3. La rupture proposée par le projet de loi de financement pour 2008

Les mises à la retraite d'office et les préretraites d'entreprise constituent le talon d'Achille de la réforme de 2003. Indépendamment des préretraites financées par l'Etat et le régime d'assurance chômage, il est en effet possible pour un employeur de mettre en oeuvre des dispositifs, couramment appelés « préretraites maison » ou « congés de fin de carrière ». Ils sont institués surtout dans les grandes entreprises et s'adressent aux salariés remplissant des conditions d'âge et d'ancienneté. Mais certains de leurs bénéficiaires ont aujourd'hui encore à peine cinquante ans... Ces préretraites d'entreprise entraînent une cessation totale d'activité jusqu'à l'âge de la retraite, l'employeur s'engageant à verser une rémunération en général supérieure à 65 % du salaire brut antérieur.

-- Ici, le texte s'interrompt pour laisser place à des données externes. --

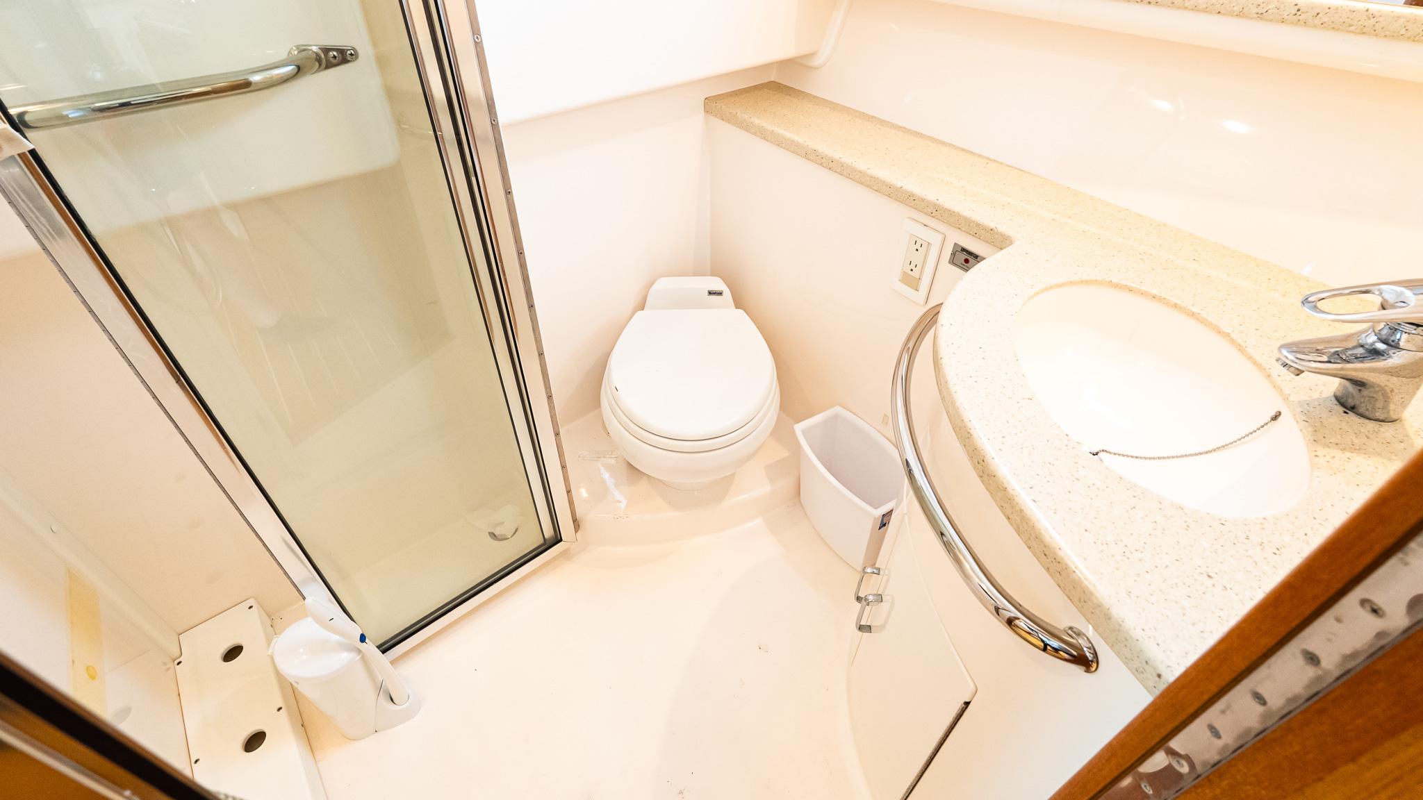 STATEROOMThe forward stateroom features a Queen pedestal V-berth to accommodate two adults, with abundant overhead storage lockers, two hanging lockers and drawer and shelf storage below the bed.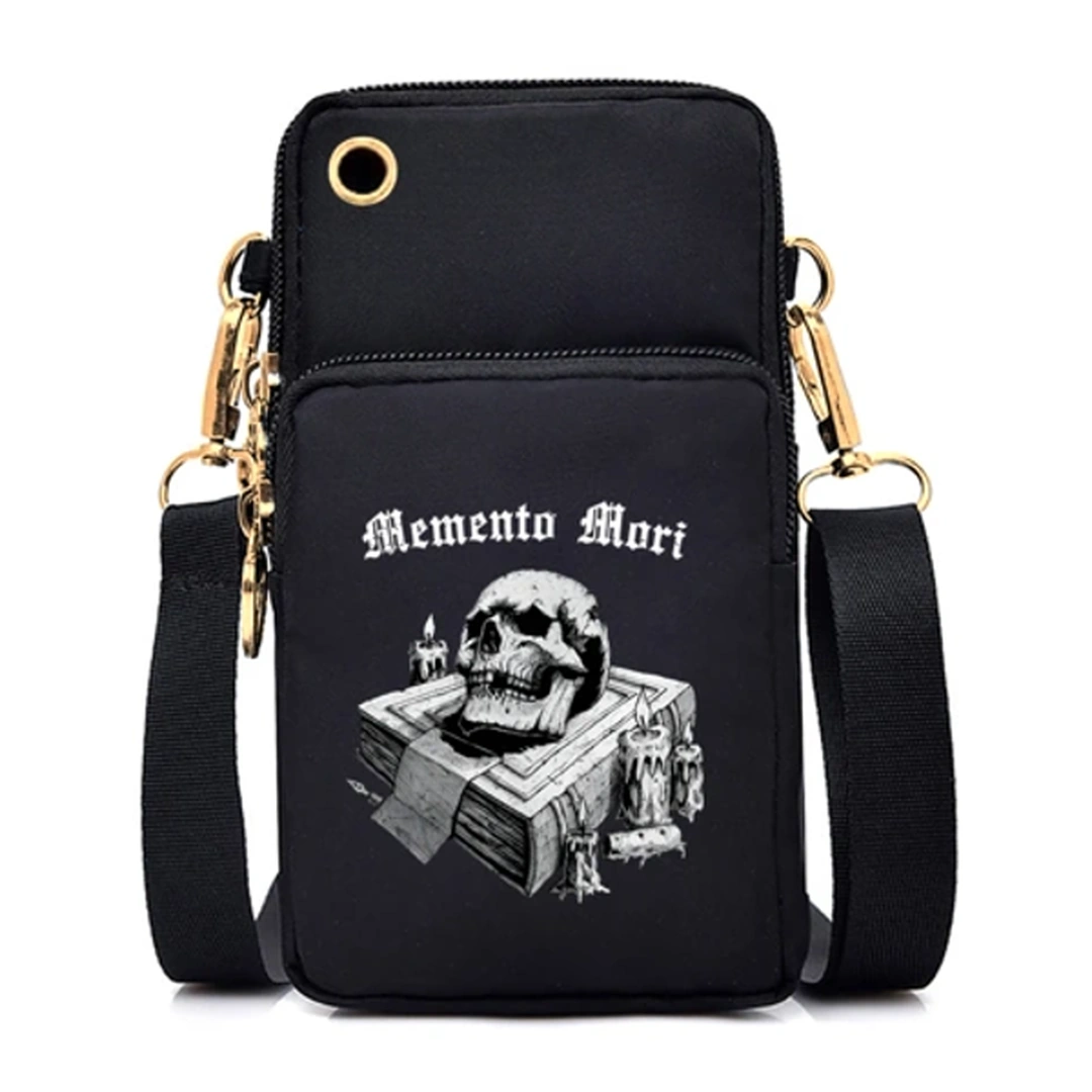 Emportez l’essentiel avec style. Une sacoche noire au design Memento Mori, avec bandoulière amovible et bracelet élastique pour un port au bras qui libère votre épaule et vos gestes.

Un autre dispositif juridique est porteur de difficultés. Il résulte d'un amendement déposé, l'an dernier, par le précédent gouvernement sur les conclusions de la commission mixte paritaire constituée pour l'examen du projet de loi de financement de la sécurité sociale pour 2007. Son adoption a permis d'instituer un nouveau cas de rupture du contrat de travail pour les salariés âgés reposant « sur l'accord de l'employeur ». Le régime fiscal et social de l'indemnité de départ versée au salarié avait été aligné sur celui, très avantageux, de l'indemnité de licenciement.

Ce régime d'exonération totale de charges sociales, à l'exception de la CSG et de la CRDS, doit s'appliquer à partir du 1 er janvier 2010 et jusqu'au 1 er janvier 2014. Son coût annuel pour les finances sociales serait compris entre 600 millions et un milliard d'euros. Il s'adresse uniquement à la centaine de branches professionnelles ayant conclu une convention ou un accord collectif étendu dérogeant au principe du report à soixante-cinq ans de l'âge auquel un employeur peut mettre un salarié à la retraite d'office. Il crée un mécanisme de substitution à la mise en extinction, d'ici au 31 décembre 2009, de ces dérogations.

Votre commission s'était alors montrée très hostile à ce type de préoccupation 9 ( * ) , le Sénat votant même à l'unanimité la suppression d'une disposition d'inspiration analogue. La note de la mission conjointe sur l'évolution de la législation relative aux mises à la retraite d'office établie par l'inspection générale des finances et l'inspection générale des affaires sociales confirmait cette analyse 10 ( * ) . « Sur un plan général, il est en effet certain que cette possibilité mise à la disposition des employeurs favorise et encourage la culture du départ précoce, et cela d'autant plus qu'elle bénéficie d'un statut fiscal et social favorable particulièrement attrayant, et cela aussi bien pour les salariés que pour les entreprises. »

Le projet de loi de financement de la sécurité sociale pour 2008 propose de réparer cette erreur et de pénaliser le recours aux préretraites. Il s'agit de porter de 24,15 % à 50 % le taux de la contribution créée par la loi du 21 août 2003 sur les avantages de préretraite d'entreprise et de créer une contribution similaire pour les mises à la retraite à l'initiative de l'employeur. Il convient enfin de noter qu'en première lecture, l'Assemblée nationale a adopté un amendement pour supprimer le mécanisme de départ négocié en commun prévu pour la période 2010-2014 voté l'an dernier.

* 9 Projet de loi de financement de la sécurité sociale - Rapport n° 59 (2006-2007) d'Alain Vasselle - Tome VI - Examen des articles p. 61 à 63.

Lecture des conclusions de la commission mixte paritaire, compte rendu intégral des débats en séance publique au Sénat (30 novembre 2006), intervention de Dominique Leclerc.

* 10 Note n° 2006-M-061-01 et M-2006-222 de la mission conjointe de l'inspection générale des finances et de l'inspection générale des affaires sociales, sur l'évolution de la législation relative aux mises à la retraite d'office - novembre 2006 - p. 8.